Climate change can feel insurmountable. ‘Design Our Climate’ aims to break down possible paths forward.

Meghan Mast 13 Nov 2019TheTyee.ca

Meghan Mast is a Winnipeg-based multimedia journalist who has covered agriculture, politics, hydro, health and the climate crisis. Her work has appeared on the CBC and in the Winnipeg Free Press, the Globe and Mail and Megaphone magazine.

How do we move from feeling paralyzed by polarized politics toward meaningful action on an issue as overwhelming as climate change?

This is the question at the heart of a new tool developed by a team of chemistry and physics professors and undergraduate students at a research centre of the King’s University in Edmonton.

Peter Mahaffy, the director of the King’s Centre for Visualization in Science, thinks the team from the oil capital of Canada is well situated to address such large existential issues.

“If these conversations about energy efficiency and climate can happen in Alberta, they can happen anywhere in the world,” Mahaffy said.

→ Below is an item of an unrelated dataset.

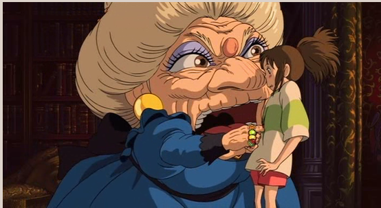터널을 지나 들어간 마을에는 사람은 없고, 산더미처럼 쌓인 음식이 차려진 식당만 남아 있습니다. 치히로의 부모는 부모는 유혹을 이기지 못하고 음식을 게걸스럽게 먹다 돼지로 변하게 되며 치히로는 혼자 남아 낯선 세계에 던져집니다. 이후 치히로는 마녀 유바바가 운영하는 온천장(油屋, 아부라야)에서 일하게 됩니다. 유바바는 상대의 이름을 빼앗아 지배하는 존재이며, 치히로는 여기에서 ‘치히로(千尋)’에서 ‘센(千)’이라는 이름으로 불리며 일하게 됩니다. 영화에서 이름을 빼앗긴다는 것은 곧 정체성의 상실을 의미하는 것입니다. 치히로는 정체성을 상실한 것입니다. 그러나 치히로는 이곳에서 새로운 인간관계를 형성하며 점차 두려움을 이겨내고, 자신의 이름과 자아를 되찾는 여정을 시작합니다.

He acknowledges these conversations in Alberta are “extremely polarizing,” but believes the gaps can be breached by thoughtful and intentional communication that encourages people to see how they can be a part of the solution.

Design Our Climate, known as DOCs, is an interactive simulation supported by Energy Efficiency Alberta, a provincial government-funded program. The tool is peer-reviewed by 25 global experts on a variety of intersecting fields including climate change, mitigation strategies and impacts and education.

The tool takes the complicated challenge of climate change and breaks it down into “wedges” that are more manageable.

Users can use the tool for free through the KCVS website on a laptop or desktop.

582px version of IMAGE1.Doc-Tool.jpg
The ‘Design Our Climate’ tool. Use it here.

Users can see where global greenhouse gas emissions are headed if we continue our current trajectory of exponential increase, and they can see where we need to go if we’re to hit “net-zero” emissions by 2050.

They can design their own climate future by customizing mitigation strategies through adjusting multiple variables from five different sectors: electricity, transportation, land use, buildings and materials.

Each sector breaks down into sub-categories to reveal more specific information about how some variables are more carbon-intensive than others. For example, coal power and natural gas are more carbon-intensive than solar, wind and nuclear. The DOCs tool provides feedback as the user adjusts the variables, flagging a “reality check” message when they’ve veered into territory that isn’t realistic or has alternative costs. For example, move the solar energy meter too high and the tool will alert you that solar energy requires a certain amount of land for solar panel deployment.

“There’s no silver bullet to get from where we are to where we need to be,” Mahaffy said. “We’re not going to do it all with wind, not just with solar, but maybe we can get to where we need to be with a silver buckshot — a mosaic of solutions.”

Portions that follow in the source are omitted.